> [SUPPLIED ENTRIES]:
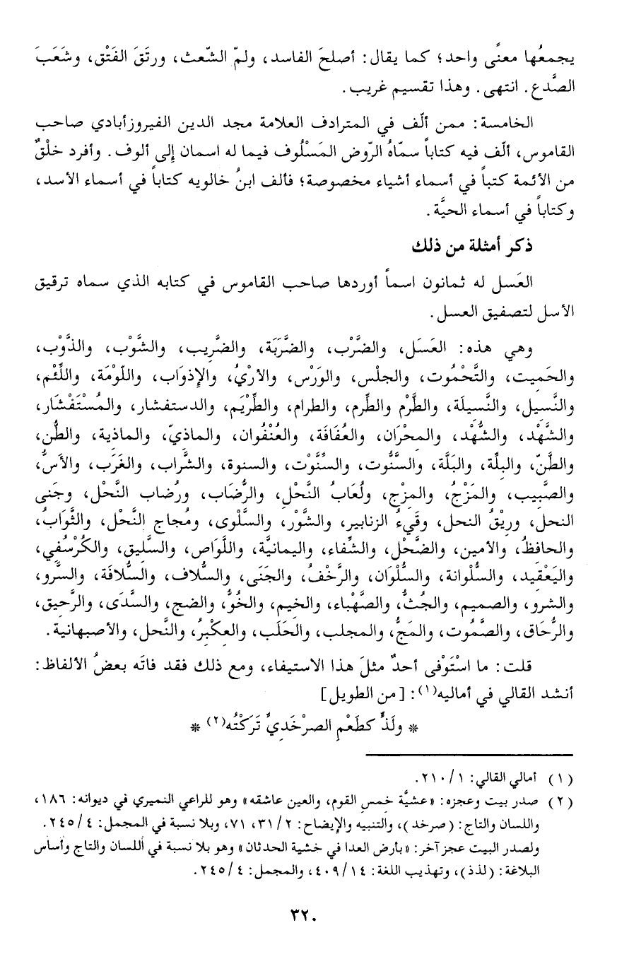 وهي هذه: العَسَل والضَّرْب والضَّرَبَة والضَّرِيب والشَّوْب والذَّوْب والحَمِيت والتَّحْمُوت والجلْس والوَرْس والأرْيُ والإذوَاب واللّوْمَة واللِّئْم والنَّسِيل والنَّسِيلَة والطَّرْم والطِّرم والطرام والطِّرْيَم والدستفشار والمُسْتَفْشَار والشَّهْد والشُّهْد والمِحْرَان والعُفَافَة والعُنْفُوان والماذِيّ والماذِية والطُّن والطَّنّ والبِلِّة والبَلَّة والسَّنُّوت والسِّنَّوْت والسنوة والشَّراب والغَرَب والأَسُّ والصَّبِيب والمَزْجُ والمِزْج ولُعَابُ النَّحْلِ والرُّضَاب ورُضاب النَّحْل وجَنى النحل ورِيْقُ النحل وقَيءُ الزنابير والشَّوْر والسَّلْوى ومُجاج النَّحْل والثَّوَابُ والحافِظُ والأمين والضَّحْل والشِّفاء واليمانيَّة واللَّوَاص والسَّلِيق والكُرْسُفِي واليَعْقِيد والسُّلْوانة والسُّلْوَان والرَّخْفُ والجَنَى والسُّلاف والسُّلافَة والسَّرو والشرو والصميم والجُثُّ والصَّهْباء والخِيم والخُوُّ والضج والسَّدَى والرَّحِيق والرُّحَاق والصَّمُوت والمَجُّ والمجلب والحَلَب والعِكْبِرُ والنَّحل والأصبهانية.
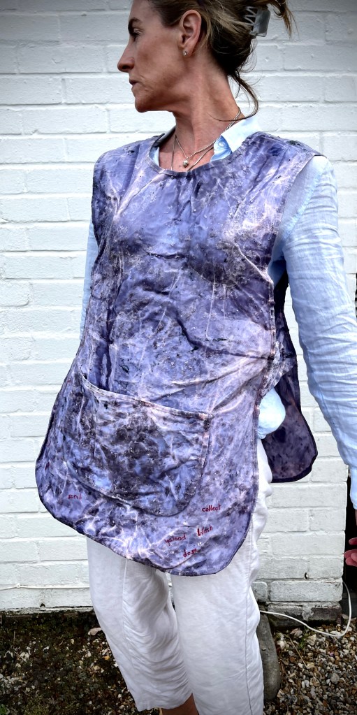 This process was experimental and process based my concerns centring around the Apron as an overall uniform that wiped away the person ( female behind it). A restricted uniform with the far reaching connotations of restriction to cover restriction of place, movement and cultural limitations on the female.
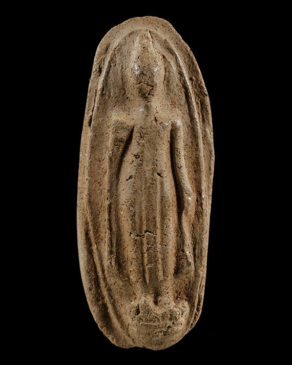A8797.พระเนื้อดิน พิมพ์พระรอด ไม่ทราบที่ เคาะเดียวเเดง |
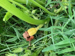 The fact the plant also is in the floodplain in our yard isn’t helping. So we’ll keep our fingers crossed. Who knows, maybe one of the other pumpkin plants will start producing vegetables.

==

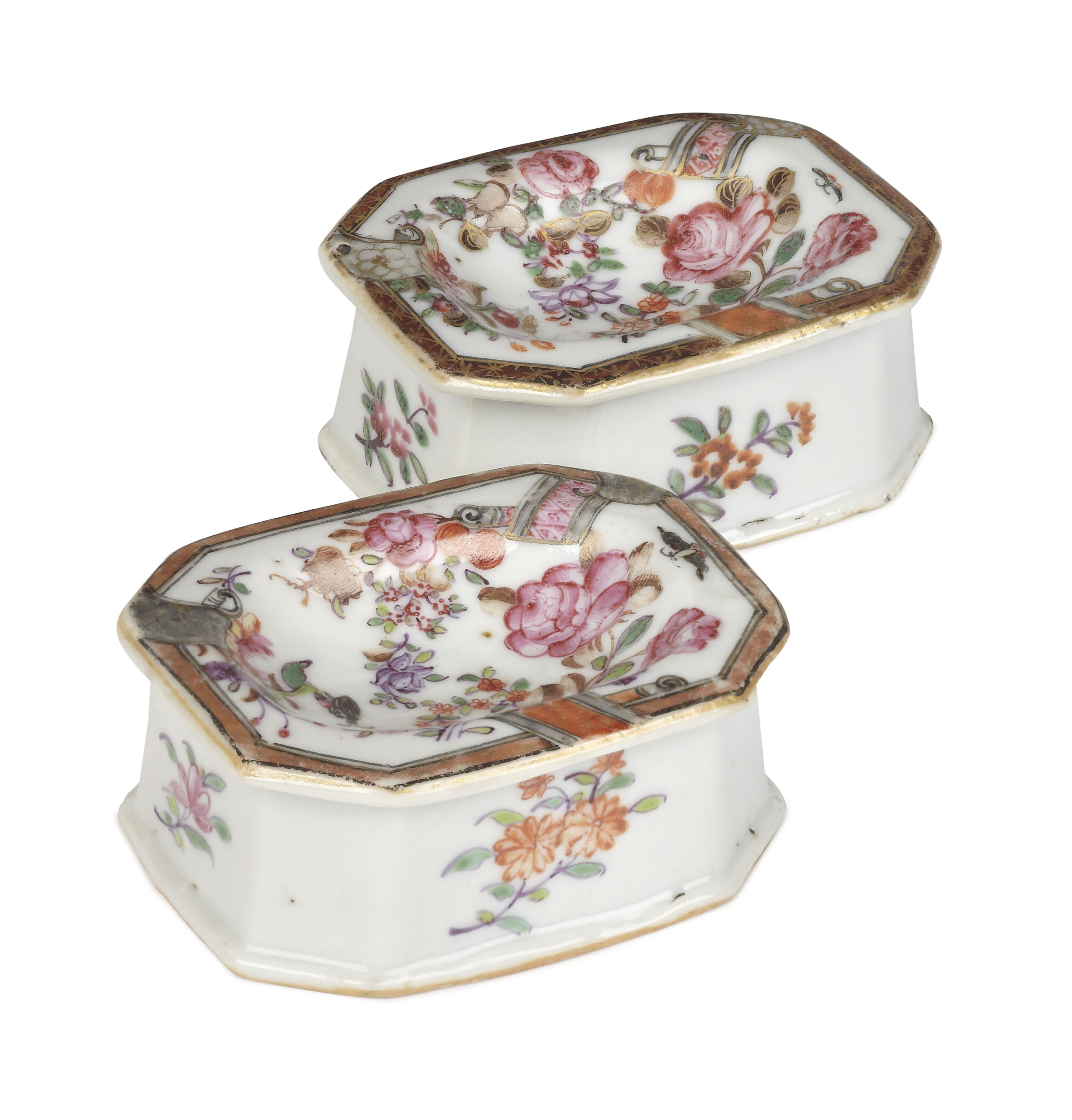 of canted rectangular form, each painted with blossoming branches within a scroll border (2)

> [AIM OF THE EXERCISE]: Line for line, output the entries above from the line with "وهي هذه: العَسَل" to the line with "The fact the", both included, and nothing more. Skip pictures.

> [RESPONSE BELOW]:
 وهي هذه: العَسَل والضَّرْب والضَّرَبَة والضَّرِيب والشَّوْب والذَّوْب والحَمِيت والتَّحْمُوت والجلْس والوَرْس والأرْيُ والإذوَاب واللّوْمَة واللِّئْم والنَّسِيل والنَّسِيلَة والطَّرْم والطِّرم والطرام والطِّرْيَم والدستفشار والمُسْتَفْشَار والشَّهْد والشُّهْد والمِحْرَان والعُفَافَة والعُنْفُوان والماذِيّ والماذِية والطُّن والطَّنّ والبِلِّة والبَلَّة والسَّنُّوت والسِّنَّوْت والسنوة والشَّراب والغَرَب والأَسُّ والصَّبِيب والمَزْجُ والمِزْج ولُعَابُ النَّحْلِ والرُّضَاب ورُضاب النَّحْل وجَنى النحل ورِيْقُ النحل وقَيءُ الزنابير والشَّوْر والسَّلْوى ومُجاج النَّحْل والثَّوَابُ والحافِظُ والأمين والضَّحْل والشِّفاء واليمانيَّة واللَّوَاص والسَّلِيق والكُرْسُفِي واليَعْقِيد والسُّلْوانة والسُّلْوَان والرَّخْفُ والجَنَى والسُّلاف والسُّلافَة والسَّرو والشرو والصميم والجُثُّ والصَّهْباء والخِيم والخُوُّ والضج والسَّدَى والرَّحِيق والرُّحَاق والصَّمُوت والمَجُّ والمجلب والحَلَب والعِكْبِرُ والنَّحل والأصبهانية.
 This process was experimental and process based my concerns centring around the Apron as an overall uniform that wiped away the person ( female behind it). A restricted uniform with the far reaching connotations of restriction to cover restriction of place, movement and cultural limitations on the female.
A8797.พระเนื้อดิน พิมพ์พระรอด ไม่ทราบที่ เคาะเดียวเเดง |
 The fact the plant also is in the floodplain in our yard isn’t helping. So we’ll keep our fingers crossed. Who knows, maybe one of the other pumpkin plants will start producing vegetables.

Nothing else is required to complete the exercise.